▸ **EXERCISE PROMPT**:
The lines in the listing below are to be given again exactly, starting at the line holding "Esta camisa blanca" and ending at the line holding "Step into this". Do not include pictures.

▸ **RECORDS FOR THIS TASK**:
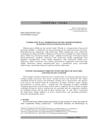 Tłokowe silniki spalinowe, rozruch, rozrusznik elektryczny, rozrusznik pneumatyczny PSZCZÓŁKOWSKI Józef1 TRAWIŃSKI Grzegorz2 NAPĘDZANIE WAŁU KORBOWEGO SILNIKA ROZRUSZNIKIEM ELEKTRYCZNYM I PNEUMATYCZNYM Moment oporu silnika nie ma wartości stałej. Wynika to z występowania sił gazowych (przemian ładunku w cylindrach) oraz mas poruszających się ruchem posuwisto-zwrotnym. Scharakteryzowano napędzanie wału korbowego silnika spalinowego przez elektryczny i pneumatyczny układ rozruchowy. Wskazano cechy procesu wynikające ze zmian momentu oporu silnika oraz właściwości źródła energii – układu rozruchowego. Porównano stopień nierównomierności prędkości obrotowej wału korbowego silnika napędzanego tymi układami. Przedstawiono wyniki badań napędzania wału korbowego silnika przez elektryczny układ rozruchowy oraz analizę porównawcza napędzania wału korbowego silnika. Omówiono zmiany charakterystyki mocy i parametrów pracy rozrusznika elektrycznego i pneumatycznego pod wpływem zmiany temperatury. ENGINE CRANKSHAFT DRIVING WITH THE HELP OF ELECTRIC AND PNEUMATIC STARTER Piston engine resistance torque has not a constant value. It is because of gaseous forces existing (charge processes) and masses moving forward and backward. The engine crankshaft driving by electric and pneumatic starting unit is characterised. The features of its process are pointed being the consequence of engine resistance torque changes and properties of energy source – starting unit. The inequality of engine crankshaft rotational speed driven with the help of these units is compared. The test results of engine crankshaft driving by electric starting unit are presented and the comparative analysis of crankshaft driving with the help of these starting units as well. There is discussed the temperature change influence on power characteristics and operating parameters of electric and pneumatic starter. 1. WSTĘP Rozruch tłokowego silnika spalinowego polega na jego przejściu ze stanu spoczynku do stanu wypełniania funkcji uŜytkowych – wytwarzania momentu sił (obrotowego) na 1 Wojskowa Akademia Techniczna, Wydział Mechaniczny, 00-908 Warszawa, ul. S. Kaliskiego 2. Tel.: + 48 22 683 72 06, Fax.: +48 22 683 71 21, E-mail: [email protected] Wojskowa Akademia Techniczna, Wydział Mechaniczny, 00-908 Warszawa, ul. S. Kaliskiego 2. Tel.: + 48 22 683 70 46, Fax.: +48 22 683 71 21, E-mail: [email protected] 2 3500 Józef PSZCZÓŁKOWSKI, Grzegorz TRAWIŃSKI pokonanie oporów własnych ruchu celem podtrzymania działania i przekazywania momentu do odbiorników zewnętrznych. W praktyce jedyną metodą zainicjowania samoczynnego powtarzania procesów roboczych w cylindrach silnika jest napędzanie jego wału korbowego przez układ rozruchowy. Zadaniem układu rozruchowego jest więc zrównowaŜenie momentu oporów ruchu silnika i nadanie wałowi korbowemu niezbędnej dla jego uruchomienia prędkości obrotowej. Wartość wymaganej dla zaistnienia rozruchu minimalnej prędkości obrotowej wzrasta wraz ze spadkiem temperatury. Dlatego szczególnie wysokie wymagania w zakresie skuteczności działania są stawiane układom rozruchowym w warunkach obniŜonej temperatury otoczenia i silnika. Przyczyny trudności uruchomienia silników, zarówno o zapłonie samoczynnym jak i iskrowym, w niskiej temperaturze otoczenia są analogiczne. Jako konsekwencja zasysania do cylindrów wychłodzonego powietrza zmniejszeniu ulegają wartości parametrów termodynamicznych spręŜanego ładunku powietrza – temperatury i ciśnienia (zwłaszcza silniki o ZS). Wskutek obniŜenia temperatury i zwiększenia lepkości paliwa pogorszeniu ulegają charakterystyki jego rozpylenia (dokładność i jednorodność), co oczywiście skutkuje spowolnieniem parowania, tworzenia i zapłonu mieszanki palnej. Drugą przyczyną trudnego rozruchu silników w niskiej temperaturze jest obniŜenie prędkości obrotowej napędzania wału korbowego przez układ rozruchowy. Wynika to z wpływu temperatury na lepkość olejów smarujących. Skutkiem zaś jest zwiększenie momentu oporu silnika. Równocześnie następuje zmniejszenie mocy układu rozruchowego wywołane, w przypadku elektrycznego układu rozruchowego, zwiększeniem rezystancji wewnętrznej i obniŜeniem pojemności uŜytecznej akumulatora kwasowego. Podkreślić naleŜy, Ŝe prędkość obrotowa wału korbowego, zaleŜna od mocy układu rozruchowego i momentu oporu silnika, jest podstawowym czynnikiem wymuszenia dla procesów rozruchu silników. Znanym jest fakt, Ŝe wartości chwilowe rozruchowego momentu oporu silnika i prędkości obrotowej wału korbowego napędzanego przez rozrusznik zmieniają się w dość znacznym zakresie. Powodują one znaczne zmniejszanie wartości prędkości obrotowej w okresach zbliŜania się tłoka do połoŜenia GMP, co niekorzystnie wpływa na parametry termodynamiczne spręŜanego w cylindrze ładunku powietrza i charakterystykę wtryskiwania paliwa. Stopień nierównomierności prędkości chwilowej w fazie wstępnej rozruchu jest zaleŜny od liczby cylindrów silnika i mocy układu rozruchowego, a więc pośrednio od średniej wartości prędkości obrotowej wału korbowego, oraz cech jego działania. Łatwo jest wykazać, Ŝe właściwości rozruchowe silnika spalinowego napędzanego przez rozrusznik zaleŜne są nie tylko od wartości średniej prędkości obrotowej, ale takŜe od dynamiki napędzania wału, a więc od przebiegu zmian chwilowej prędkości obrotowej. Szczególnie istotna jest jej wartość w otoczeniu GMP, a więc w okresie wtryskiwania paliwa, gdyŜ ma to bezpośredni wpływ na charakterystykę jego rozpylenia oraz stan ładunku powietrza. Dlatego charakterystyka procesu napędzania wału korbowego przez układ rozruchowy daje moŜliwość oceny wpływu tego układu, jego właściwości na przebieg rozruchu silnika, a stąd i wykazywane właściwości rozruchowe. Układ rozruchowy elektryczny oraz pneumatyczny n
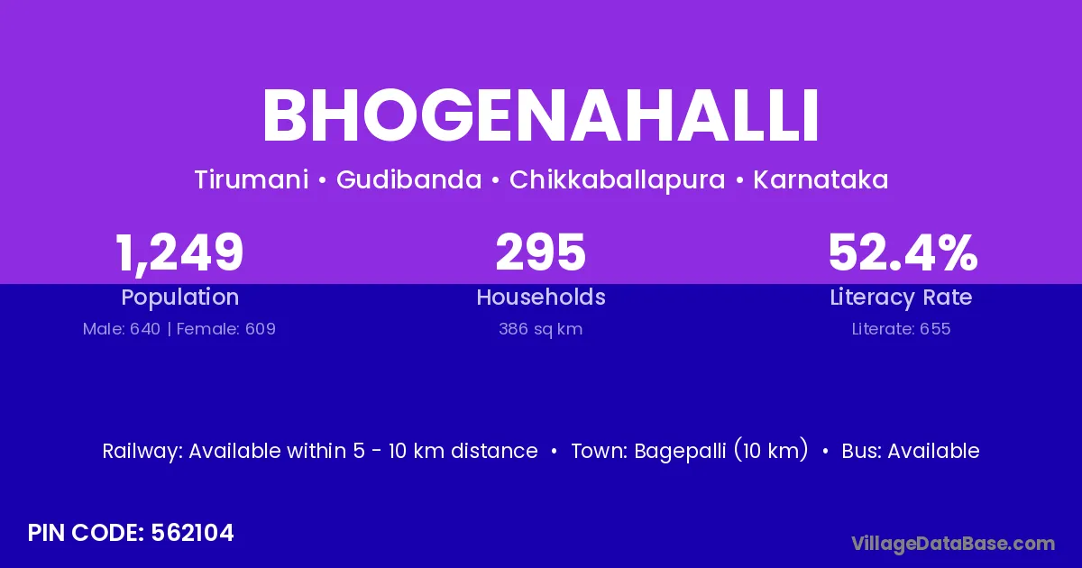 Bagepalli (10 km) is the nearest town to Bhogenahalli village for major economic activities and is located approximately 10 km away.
---
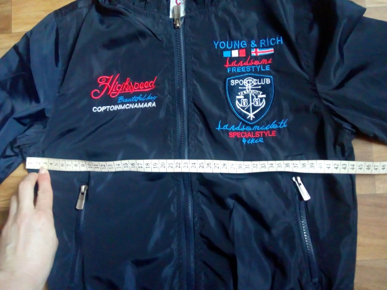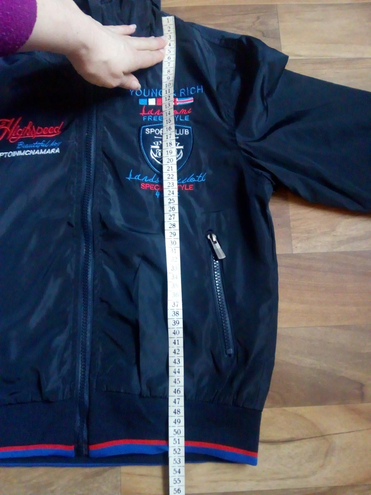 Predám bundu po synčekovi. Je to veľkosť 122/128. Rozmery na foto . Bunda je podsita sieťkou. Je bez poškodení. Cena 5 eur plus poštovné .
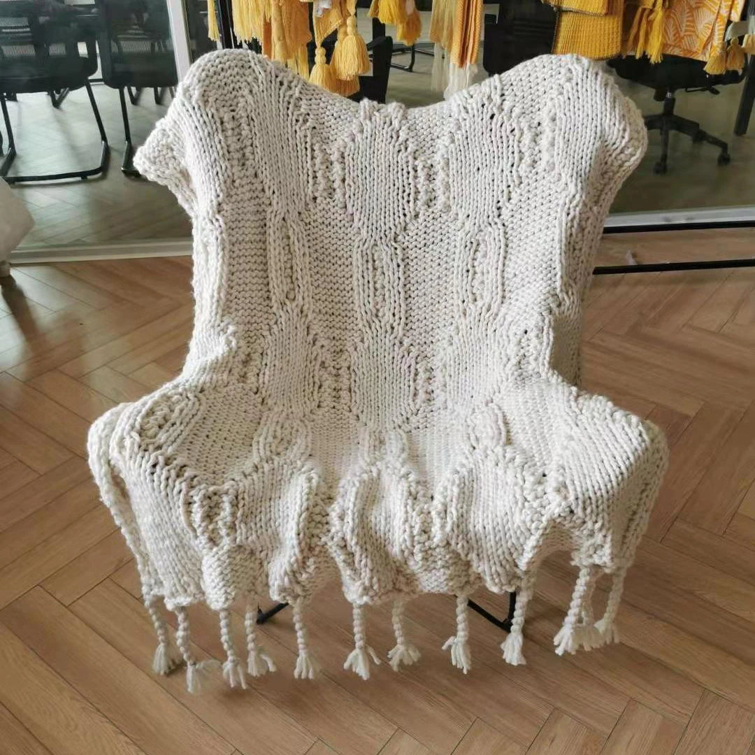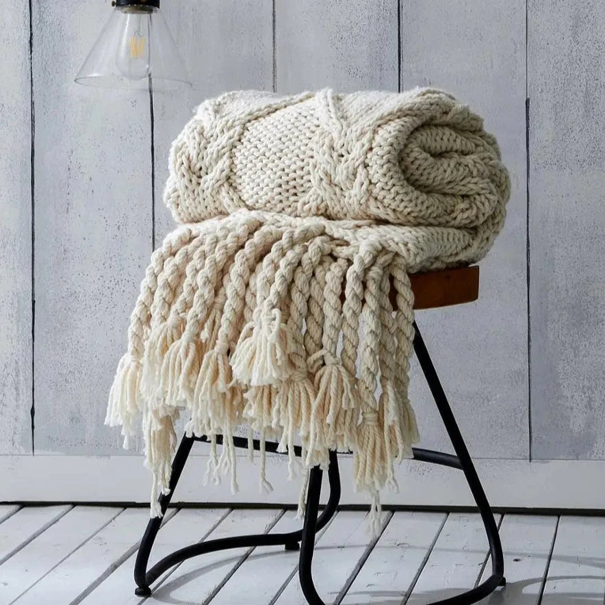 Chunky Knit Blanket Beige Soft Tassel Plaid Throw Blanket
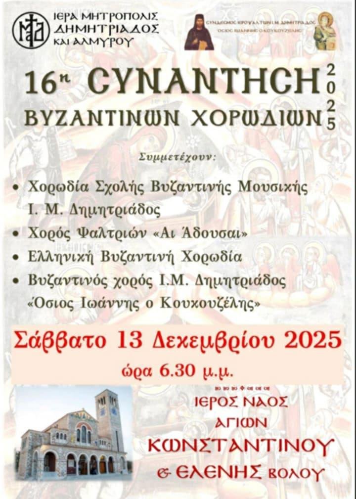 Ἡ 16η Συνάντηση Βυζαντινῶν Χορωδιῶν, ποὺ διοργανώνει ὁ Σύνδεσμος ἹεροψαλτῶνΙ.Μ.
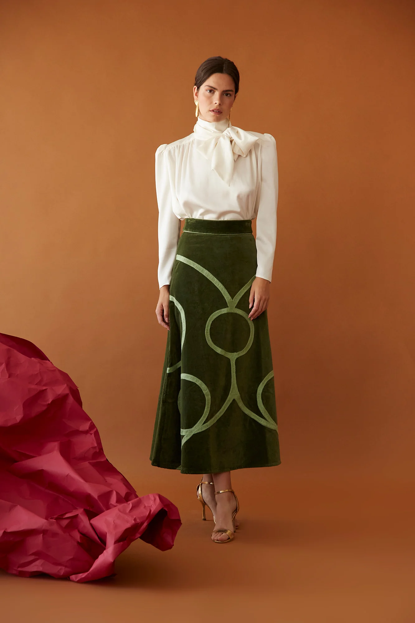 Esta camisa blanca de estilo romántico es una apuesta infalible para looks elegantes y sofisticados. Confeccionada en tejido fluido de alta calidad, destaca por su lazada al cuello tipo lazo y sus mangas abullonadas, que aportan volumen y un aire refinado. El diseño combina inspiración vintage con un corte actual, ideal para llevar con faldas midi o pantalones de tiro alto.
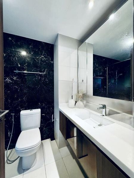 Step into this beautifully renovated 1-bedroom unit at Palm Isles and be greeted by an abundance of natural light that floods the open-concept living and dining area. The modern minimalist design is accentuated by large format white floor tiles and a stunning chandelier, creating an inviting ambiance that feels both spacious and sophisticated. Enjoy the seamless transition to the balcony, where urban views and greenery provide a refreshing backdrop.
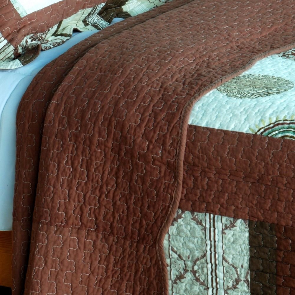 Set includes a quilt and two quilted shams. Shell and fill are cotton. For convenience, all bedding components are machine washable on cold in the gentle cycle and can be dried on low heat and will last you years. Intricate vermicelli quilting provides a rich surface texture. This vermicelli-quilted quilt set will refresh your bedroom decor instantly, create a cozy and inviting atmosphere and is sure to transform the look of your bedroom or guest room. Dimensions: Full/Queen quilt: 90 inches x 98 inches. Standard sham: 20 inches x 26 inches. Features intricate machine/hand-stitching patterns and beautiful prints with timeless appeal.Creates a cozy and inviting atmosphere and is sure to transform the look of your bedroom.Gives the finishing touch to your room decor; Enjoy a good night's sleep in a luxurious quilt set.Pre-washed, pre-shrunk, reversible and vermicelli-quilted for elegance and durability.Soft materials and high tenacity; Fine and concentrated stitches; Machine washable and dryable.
---
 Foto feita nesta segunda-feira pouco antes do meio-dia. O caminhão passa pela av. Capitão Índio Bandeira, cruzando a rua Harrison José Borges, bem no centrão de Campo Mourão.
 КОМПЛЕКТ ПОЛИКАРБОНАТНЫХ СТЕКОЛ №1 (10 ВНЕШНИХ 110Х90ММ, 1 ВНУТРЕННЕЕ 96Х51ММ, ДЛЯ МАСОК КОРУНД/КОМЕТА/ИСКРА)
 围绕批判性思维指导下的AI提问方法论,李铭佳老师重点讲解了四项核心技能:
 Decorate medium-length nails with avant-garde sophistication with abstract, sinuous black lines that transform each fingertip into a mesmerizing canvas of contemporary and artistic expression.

▸ **YOUR RESPONSE**:
 Esta camisa blanca de estilo romántico es una apuesta infalible para looks elegantes y sofisticados. Confeccionada en tejido fluido de alta calidad, destaca por su lazada al cuello tipo lazo y sus mangas abullonadas, que aportan volumen y un aire refinado. El diseño combina inspiración vintage con un corte actual, ideal para llevar con faldas midi o pantalones de tiro alto.
 Step into this beautifully renovated 1-bedroom unit at Palm Isles and be greeted by an abundance of natural light that floods the open-concept living and dining area. The modern minimalist design is accentuated by large format white floor tiles and a stunning chandelier, creating an inviting ambiance that feels both spacious and sophisticated. Enjoy the seamless transition to the balcony, where urban views and greenery provide a refreshing backdrop.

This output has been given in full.